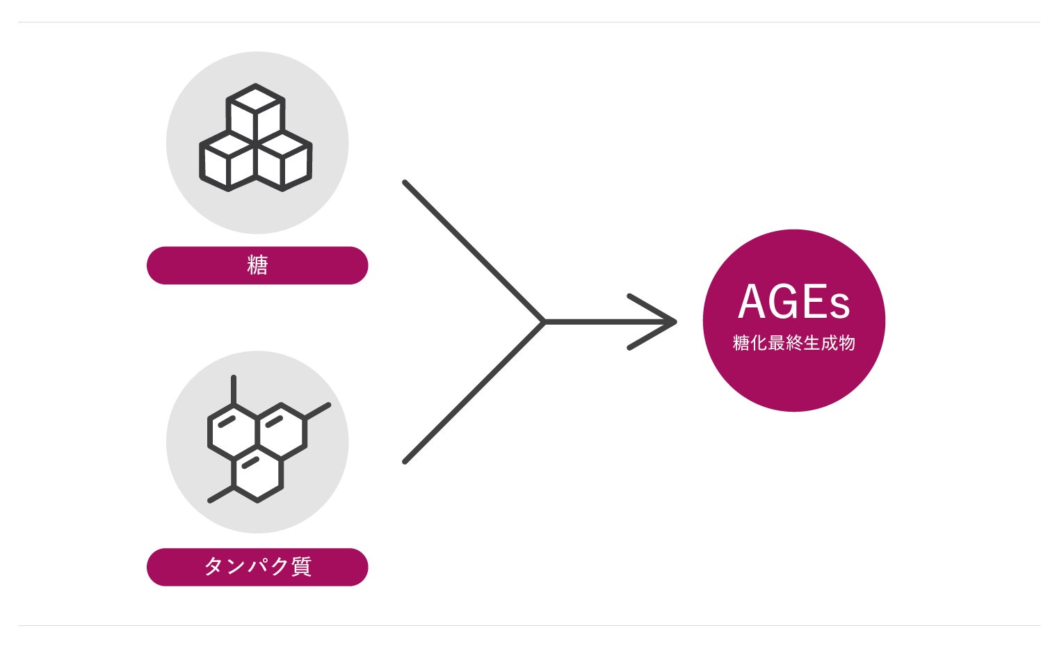 体の糖化とは、体が「コゲる」こと。食事などで過剰に摂取した糖分が体内のタンパク質と結びついて変性し、糖化最終生成物(advanced glycation end products;AGEs)を作り出すことを指します。この糖化=AGEsの蓄積は、「老化」に関わる体の様々な変化と密接に関わっています。
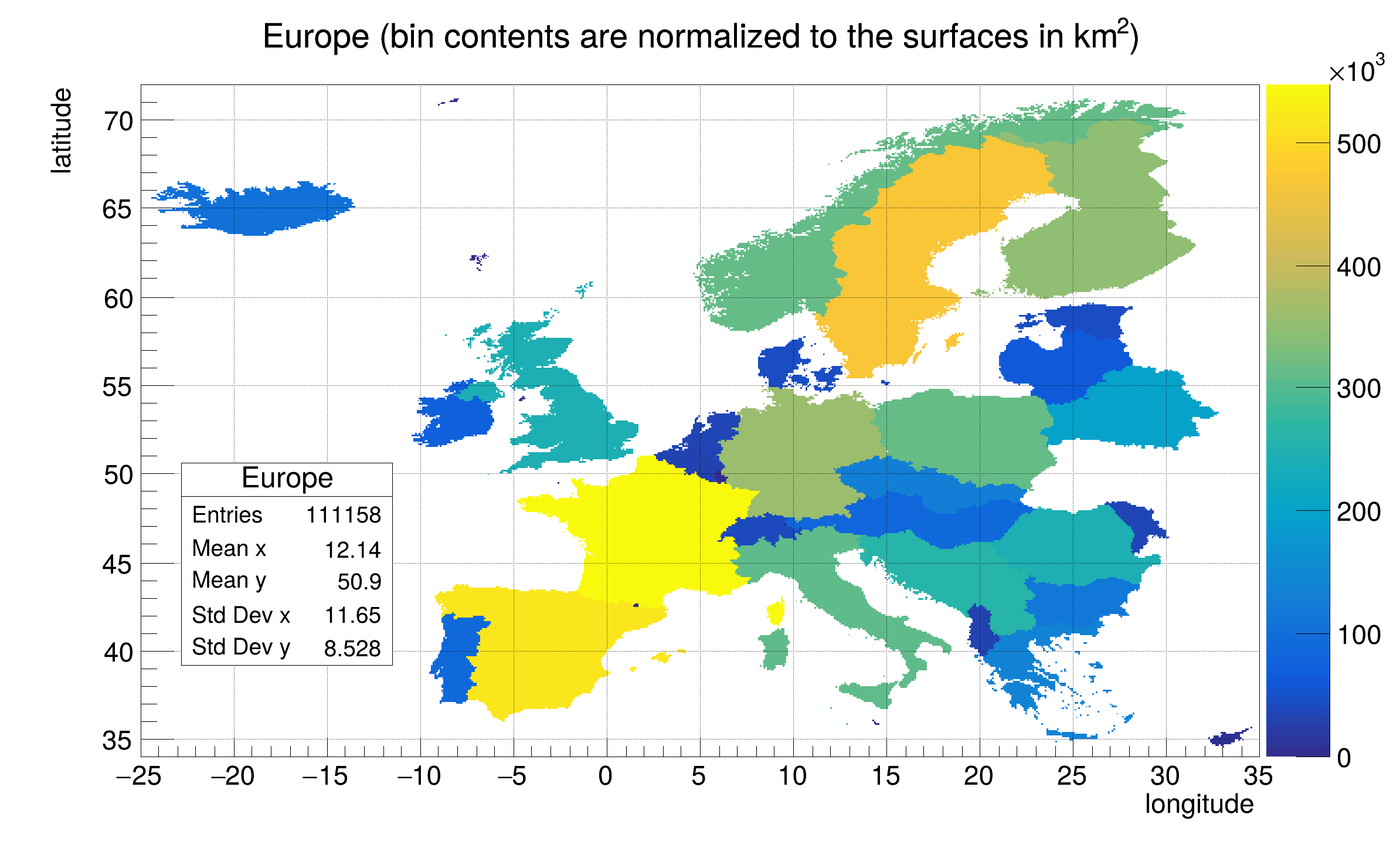 The initial data are stored in TMultiGraphs. They represent the european countries. The histogram filling is done according to a Mercator projection, therefore the bin contains should be proportional to the real surface of the countries.
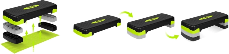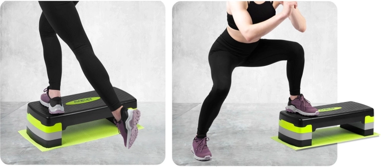 Le step est parfait pour brûler des calories, sculpter les jambes et les fessiers, mais aussi pour renforcer les bras et le tronc (dips, pompes, planche). Grâce à ses dimensions compactes et à la possibilité de ranger les réhausses sous la plateforme, il se stocke facilement même dans un petit appartement. Le tapis antidérapant inclus améliore l’adhérence et protège votre sol.
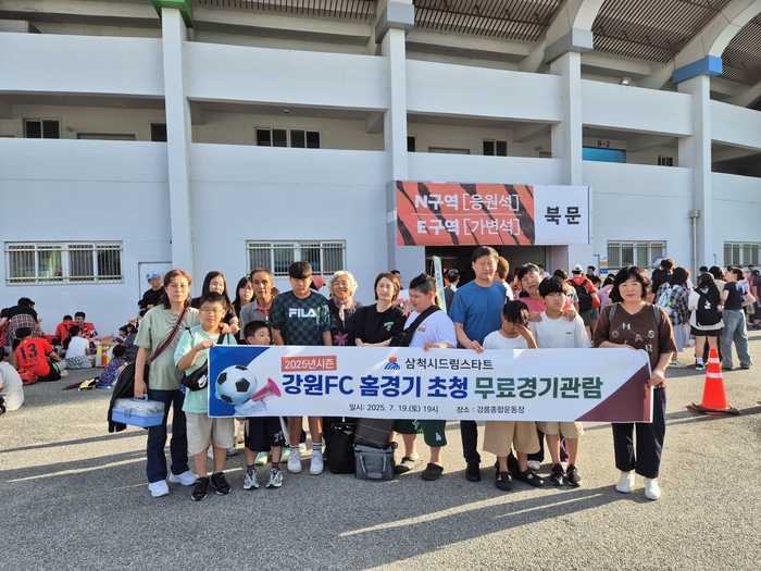 [스포츠서울ㅣ김기원기자]삼척시드림스타트는 지난 7월 19일 오후 7시, 강릉하이원아레나에서 열린 ‘2025 강원FC vs 대전하나시티즌’ 홈경기에 맞춰 「삼척시의 날」 행사 일환으로 드림스타트 아동과 가족을 초청해 무료 관람 행사를 진행했다.
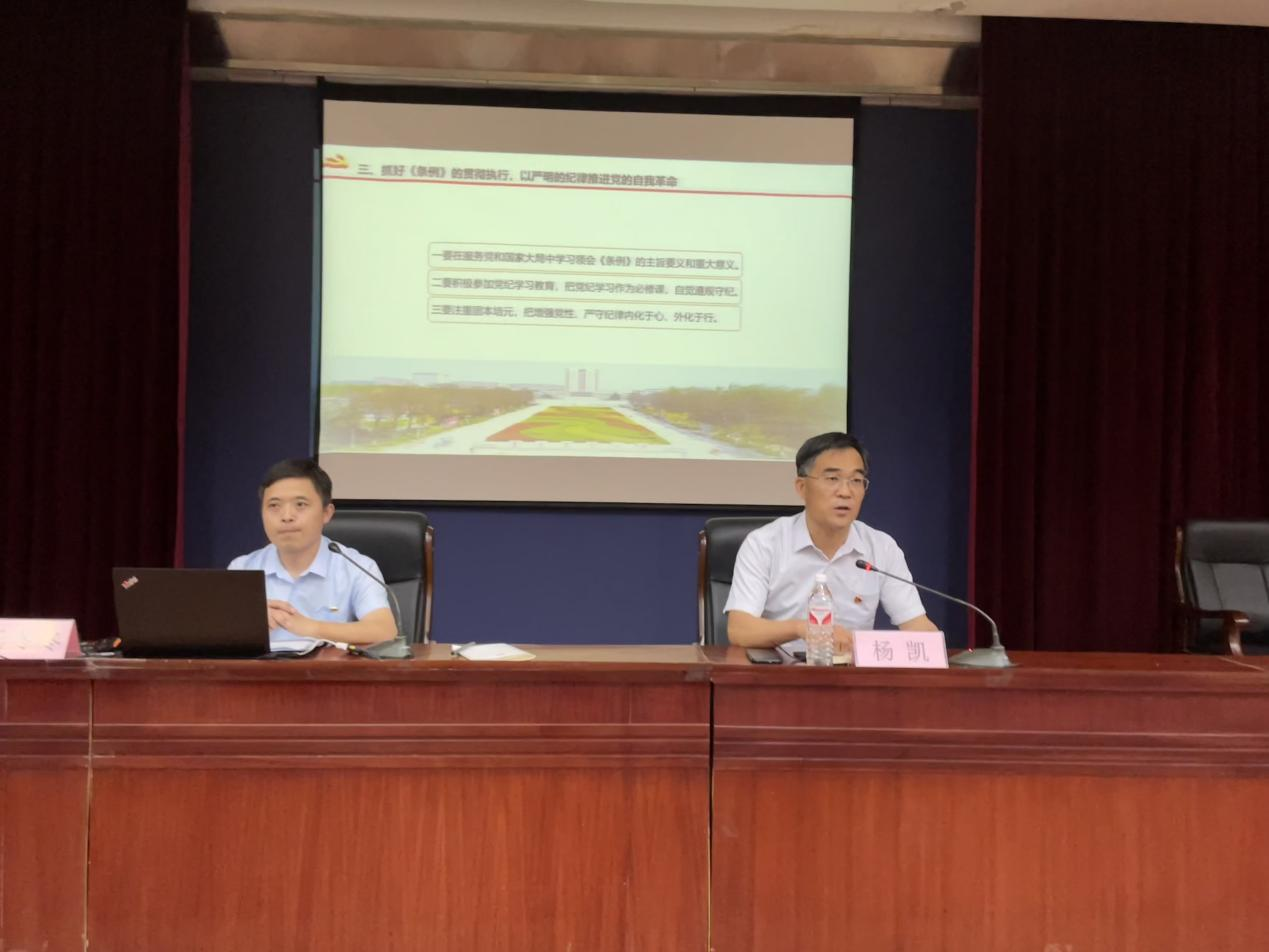 会上,杨冬冬从“充分认识学习宣传贯彻《条例》的重大意义”、“准确把握《条例》修订的主要内容和精髓要义”、“抓好《条例》的贯彻执行,以严明的纪律推进党的自我革命”三个方面阐述了《条例》的重点内容。随后,杨冬冬从《条例》的指导思想、纪律处分工作、“四种形态”、纪法衔接四个方面进行具体讲解,通过列举具体案例,体现出党和国家对违反政治纪律行为零容忍的态度和《条例》发挥的纪律建设标本兼治作用,提醒党员干部以例为鉴,警钟长鸣。接着,杨冬冬指出,要想严肃党的纪律,纯洁党的组织,各级党委就要抓好《条例》的贯彻执行,以严明的纪律推进党的自我革命。最后,杨冬冬对参会人员提出三点期望:一要在服务党和国家大局中学习领会《条例》的主旨要义和重大意义,用理论武装自身;二要积极参加党纪学习教育,把党纪学习作为必修课,自觉遵规守纪,把遵规守纪刻印在心;三要注重固本培元,把增强党性、严守纪律内化于心、外化于行。

■ ■ ■ ■ ■ ■ ■

Problem: Retype all the records shown above, character for character. Omit every picture.

Answer for this exercise:
 体の糖化とは、体が「コゲる」こと。食事などで過剰に摂取した糖分が体内のタンパク質と結びついて変性し、糖化最終生成物(advanced glycation end products;AGEs)を作り出すことを指します。この糖化=AGEsの蓄積は、「老化」に関わる体の様々な変化と密接に関わっています。
 The initial data are stored in TMultiGraphs. They represent the european countries. The histogram filling is done according to a Mercator projection, therefore the bin contains should be proportional to the real surface of the countries.
 Le step est parfait pour brûler des calories, sculpter les jambes et les fessiers, mais aussi pour renforcer les bras et le tronc (dips, pompes, planche). Grâce à ses dimensions compactes et à la possibilité de ranger les réhausses sous la plateforme, il se stocke facilement même dans un petit appartement. Le tapis antidérapant inclus améliore l’adhérence et protège votre sol.
 [스포츠서울ㅣ김기원기자]삼척시드림스타트는 지난 7월 19일 오후 7시, 강릉하이원아레나에서 열린 ‘2025 강원FC vs 대전하나시티즌’ 홈경기에 맞춰 「삼척시의 날」 행사 일환으로 드림스타트 아동과 가족을 초청해 무료 관람 행사를 진행했다.
 会上,杨冬冬从“充分认识学习宣传贯彻《条例》的重大意义”、“准确把握《条例》修订的主要内容和精髓要义”、“抓好《条例》的贯彻执行,以严明的纪律推进党的自我革命”三个方面阐述了《条例》的重点内容。随后,杨冬冬从《条例》的指导思想、纪律处分工作、“四种形态”、纪法衔接四个方面进行具体讲解,通过列举具体案例,体现出党和国家对违反政治纪律行为零容忍的态度和《条例》发挥的纪律建设标本兼治作用,提醒党员干部以例为鉴,警钟长鸣。接着,杨冬冬指出,要想严肃党的纪律,纯洁党的组织,各级党委就要抓好《条例》的贯彻执行,以严明的纪律推进党的自我革命。最后,杨冬冬对参会人员提出三点期望:一要在服务党和国家大局中学习领会《条例》的主旨要义和重大意义,用理论武装自身;二要积极参加党纪学习教育,把党纪学习作为必修课,自觉遵规守纪,把遵规守纪刻印在心;三要注重固本培元,把增强党性、严守纪律内化于心、外化于行。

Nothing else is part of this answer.